2024년 11월 26일
Self-Generated Critiques Boost Reward Modeling for Language Models
(Yue Yu, Zhengxing Chen, Aston Zhang, Liang Tan, Chenguang Zhu, Richard Yuanzhe Pang, Yundi Qian, Xuewei Wang, Suchin Gururangan, Chao Zhang, Melanie Kambadur, Dhruv Mahajan, Rui Hou)
Reward modeling is crucial for aligning large language models (LLMs) with human preferences, especially in reinforcement learning from human feedback (RLHF). However, current reward models mainly produce scalar scores and struggle to incorporate critiques in a natural language format. We hypothesize that predicting both critiques and the scalar reward would improve reward modeling ability. Motivated by this, we propose Critic-RM, a framework that improves reward models using self-generated critiques without extra supervision. Critic-RM employs a two-stage process: generating and filtering high-quality critiques, followed by joint fine-tuning on reward prediction and critique generation. Experiments across benchmarks show that Critic-RM improves reward modeling accuracy by 3.7%-7.3% compared to standard reward models and LLM judges, demonstrating strong performance and data efficiency. Additional studies further validate the effectiveness of generated critiques in rectifying flawed reasoning steps with 2.5%-3.2% gains in improving reasoning accuracy.

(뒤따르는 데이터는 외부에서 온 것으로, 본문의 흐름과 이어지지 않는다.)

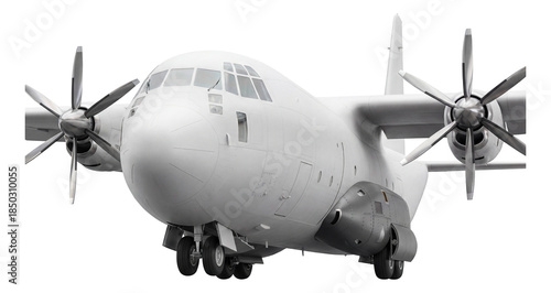#1822666585Front View of a Modern White Turboprop Airplane with SixBladed Propellers on White

Critique을 생성하는 Reward Model. Reward Score 예측 + Critique을 생성한 다음 Preference Label을 사용한 필터링과 LLM을 사용한 개선 결과를 사용해 Critique 학습.

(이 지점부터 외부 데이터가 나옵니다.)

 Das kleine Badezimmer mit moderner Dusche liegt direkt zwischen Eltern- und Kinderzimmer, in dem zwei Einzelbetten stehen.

A reward model that generates critiques. Trained model to predicts reward scores and generates critiques, utilizing preference labels for filtering and LLM based refinement on samples critiques from the model.
#reward-model
Predicting Emergent Capabilities by Finetuning
(Charlie Snell, Eric Wallace, Dan Klein, Sergey Levine)

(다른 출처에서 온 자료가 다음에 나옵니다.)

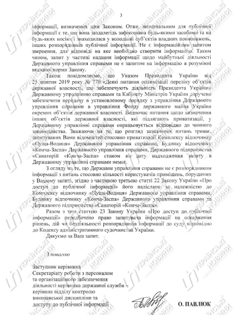"Рассмотрение указанных вопросов продолжается, поэтому запрашиваемых вами сведений относительно приватизации… в Государственном управлении делами нет", - сказано в ответе.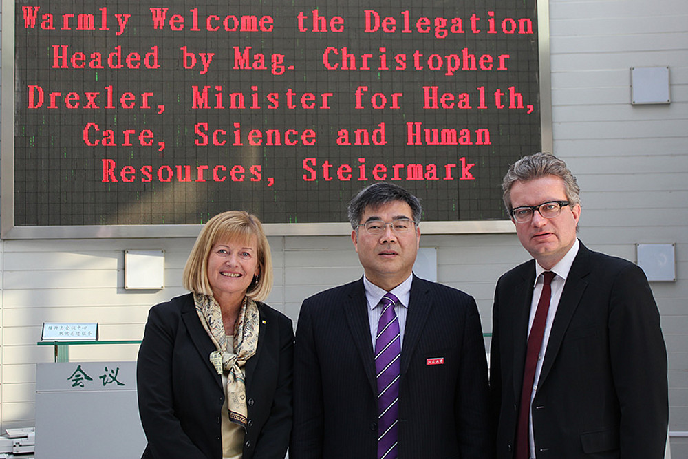 Im weltweiten Netzwerk der Uni Graz mit mehr als 500 Partner-Universitäten spielen neben der Schwerpunktregion Südosteuropa Verbindungen nach China eine bedeutende Rolle. Im Zuge einer China-Reise der steirischen Delegation unter der Leitung von Wissenschaftslandesrat Christopher Drexler, der auch Rektorin Christa Neuper und Dekan Joseph Marko angehörten, wurde zwischen 4. und 7. April 2016 das Uni-Netzwerk in Nanjing und Shanghai verdichtet.

A fundamental open challenge in modern LLM scaling is the lack of understanding around emergent capabilities. In particular, language model pretraining loss is known to be highly predictable as a function of compute. However, downstream capabilities are far less predictable -- sometimes even exhibiting emergent jumps -- which makes it challenging to anticipate the capabilities of future models. In this work, we first pose the task of emergence prediction: given access to current LLMs that have random few-shot accuracy on a task, can we predict whether future models (GPT-N+1) will have non-trivial accuracy on that task? We then discover a simple insight for this problem: finetuning LLMs on a given task can shift the point in scaling at which emergence occurs towards less capable models. To operationalize this insight, we can finetune LLMs with varying amounts of data and fit a parametric function that predicts when emergence will occur (i.e., "emergence laws"). We validate this approach using four standard NLP benchmarks where large-scale open-source LLMs already demonstrate emergence (MMLU, GSM8K, CommonsenseQA, and CoLA). Using only small-scale LLMs, we find that, in some cases, we can accurately predict whether models trained with up to 4x more compute have emerged. Finally, we present a case study of two realistic uses for emergence prediction.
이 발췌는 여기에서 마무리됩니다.